▸ Data extract

[Start of section]

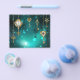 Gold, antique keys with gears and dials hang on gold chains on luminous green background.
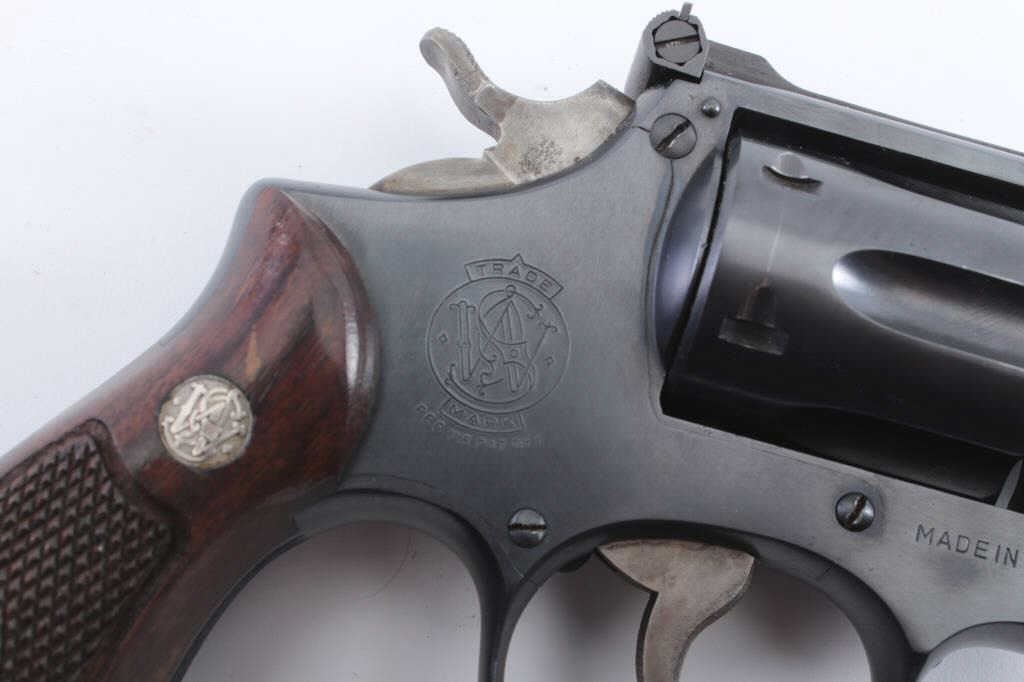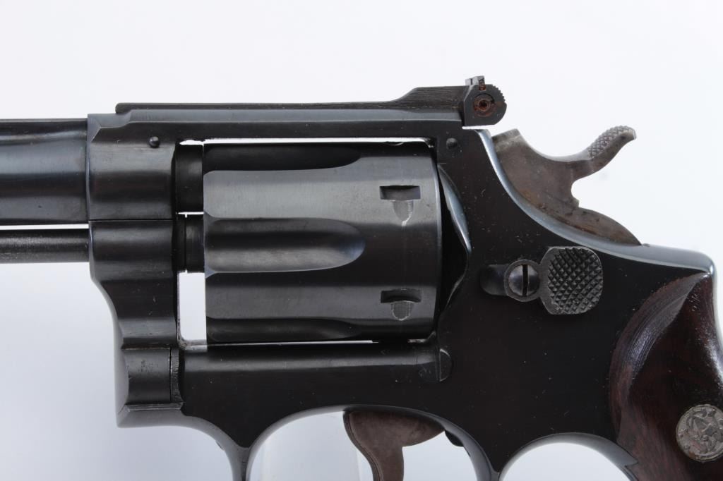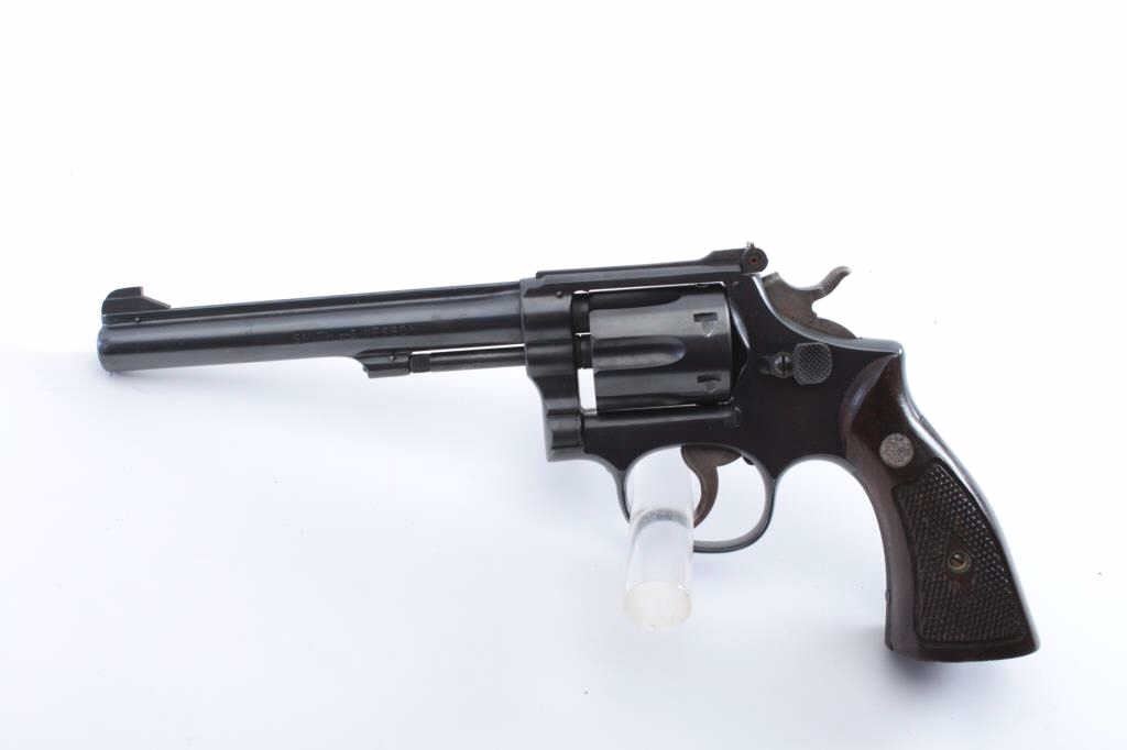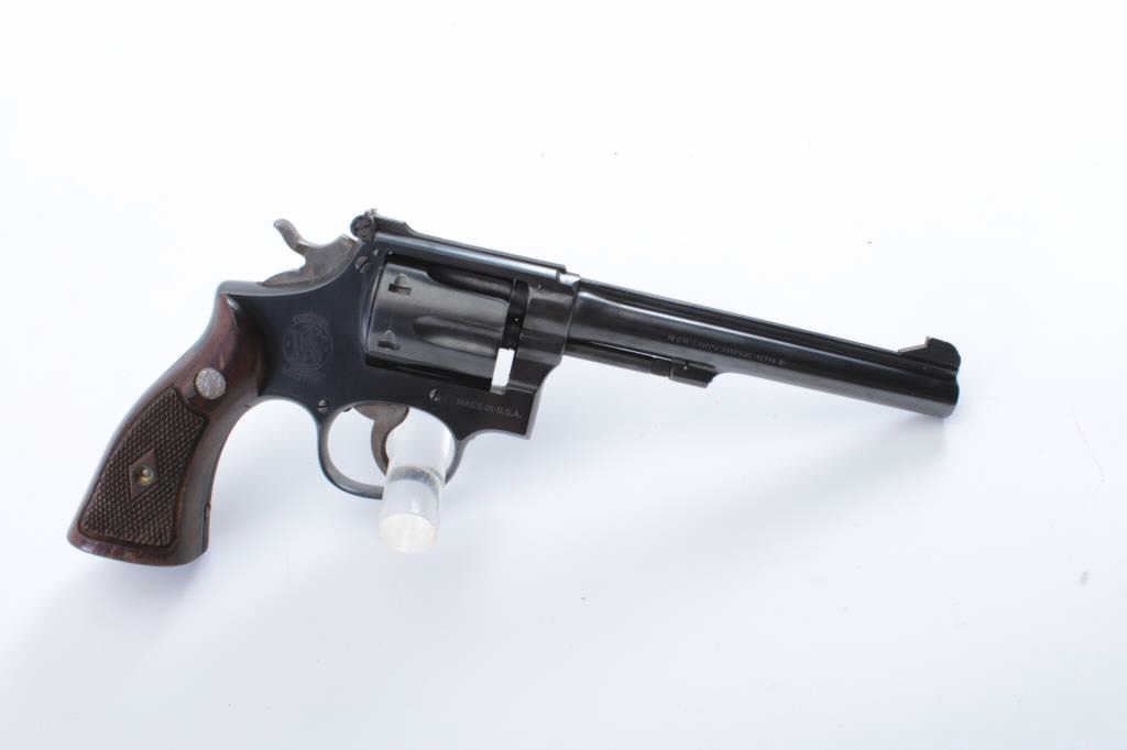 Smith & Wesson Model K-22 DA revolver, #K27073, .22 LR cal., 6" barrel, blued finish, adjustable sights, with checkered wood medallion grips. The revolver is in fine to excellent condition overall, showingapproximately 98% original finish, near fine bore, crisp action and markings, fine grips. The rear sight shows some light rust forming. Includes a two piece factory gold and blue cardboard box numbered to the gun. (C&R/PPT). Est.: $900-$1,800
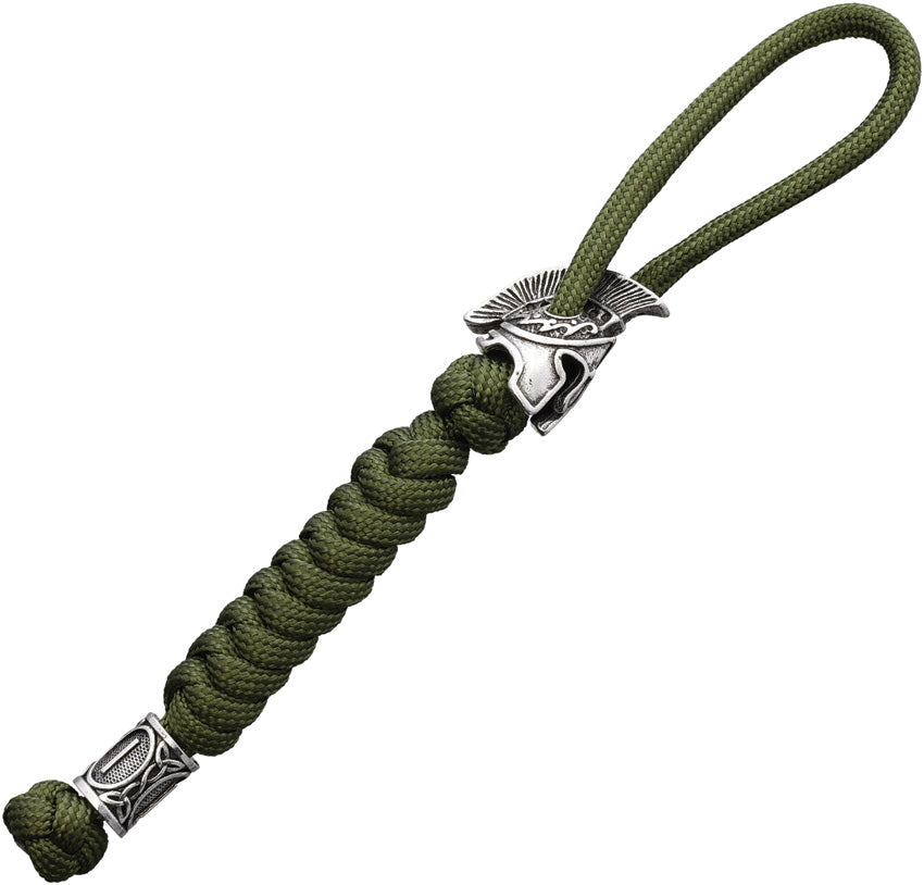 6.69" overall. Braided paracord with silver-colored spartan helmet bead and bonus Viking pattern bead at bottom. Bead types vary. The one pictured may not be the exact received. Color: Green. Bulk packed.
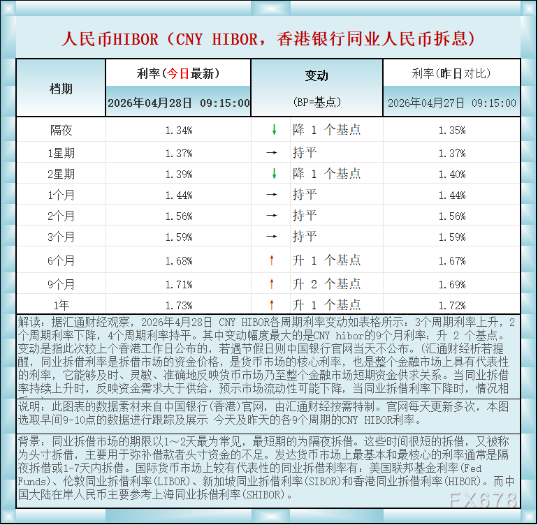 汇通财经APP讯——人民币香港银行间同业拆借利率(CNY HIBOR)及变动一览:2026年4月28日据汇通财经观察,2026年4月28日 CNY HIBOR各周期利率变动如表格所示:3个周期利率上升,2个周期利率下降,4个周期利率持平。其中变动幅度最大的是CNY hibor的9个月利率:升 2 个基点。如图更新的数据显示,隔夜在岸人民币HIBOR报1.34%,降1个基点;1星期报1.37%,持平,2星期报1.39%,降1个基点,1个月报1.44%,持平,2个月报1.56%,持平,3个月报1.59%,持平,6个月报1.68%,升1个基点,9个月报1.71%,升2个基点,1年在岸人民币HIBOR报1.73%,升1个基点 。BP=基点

[End of section]
[Start of section]

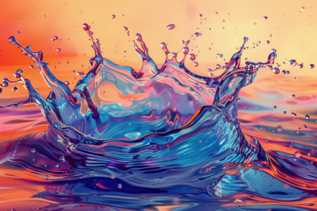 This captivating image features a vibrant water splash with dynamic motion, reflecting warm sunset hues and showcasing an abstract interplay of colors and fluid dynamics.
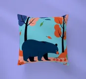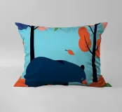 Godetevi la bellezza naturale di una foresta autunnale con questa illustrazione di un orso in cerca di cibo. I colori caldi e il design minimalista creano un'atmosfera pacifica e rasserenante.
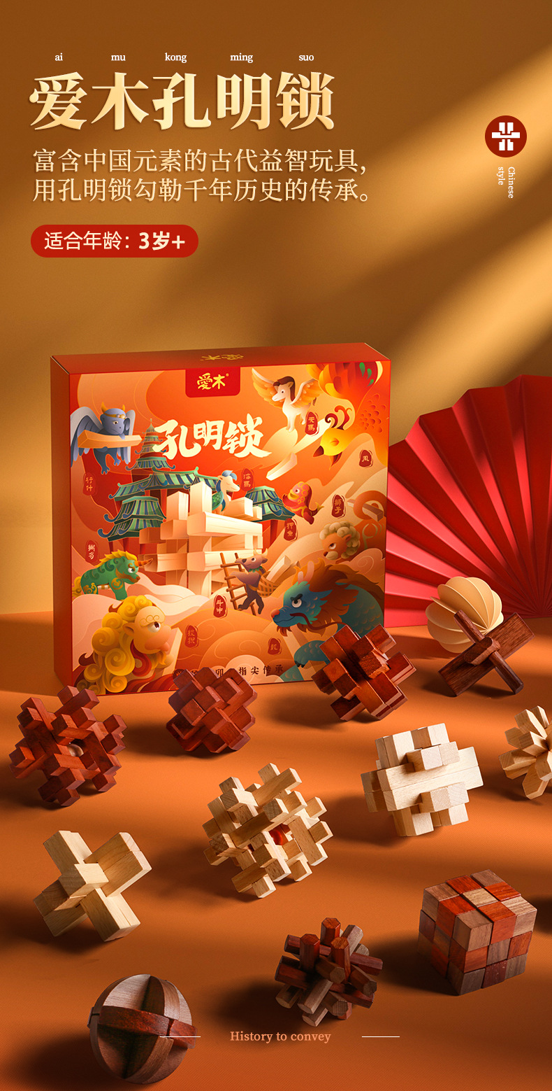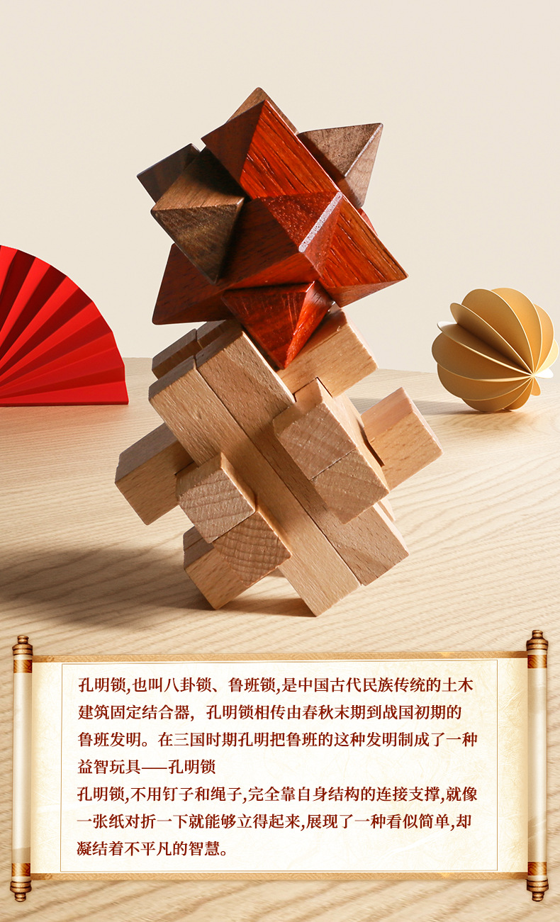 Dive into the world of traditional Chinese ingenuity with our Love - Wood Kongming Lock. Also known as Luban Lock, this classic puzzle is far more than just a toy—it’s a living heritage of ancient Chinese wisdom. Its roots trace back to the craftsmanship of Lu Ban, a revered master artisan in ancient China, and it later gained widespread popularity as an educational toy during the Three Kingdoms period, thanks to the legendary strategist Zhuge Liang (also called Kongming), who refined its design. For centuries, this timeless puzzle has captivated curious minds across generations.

[End of section]

▸ Problem details
Above are the records; copy from them only the lines starting at the one containing "This captivating image" and ending at the one containing "Godetevi la bellezza", exactly and without pictures.

▸ Exercise output
 This captivating image features a vibrant water splash with dynamic motion, reflecting warm sunset hues and showcasing an abstract interplay of colors and fluid dynamics.
 Godetevi la bellezza naturale di una foresta autunnale con questa illustrazione di un orso in cerca di cibo. I colori caldi e il design minimalista creano un'atmosfera pacifica e rasserenante.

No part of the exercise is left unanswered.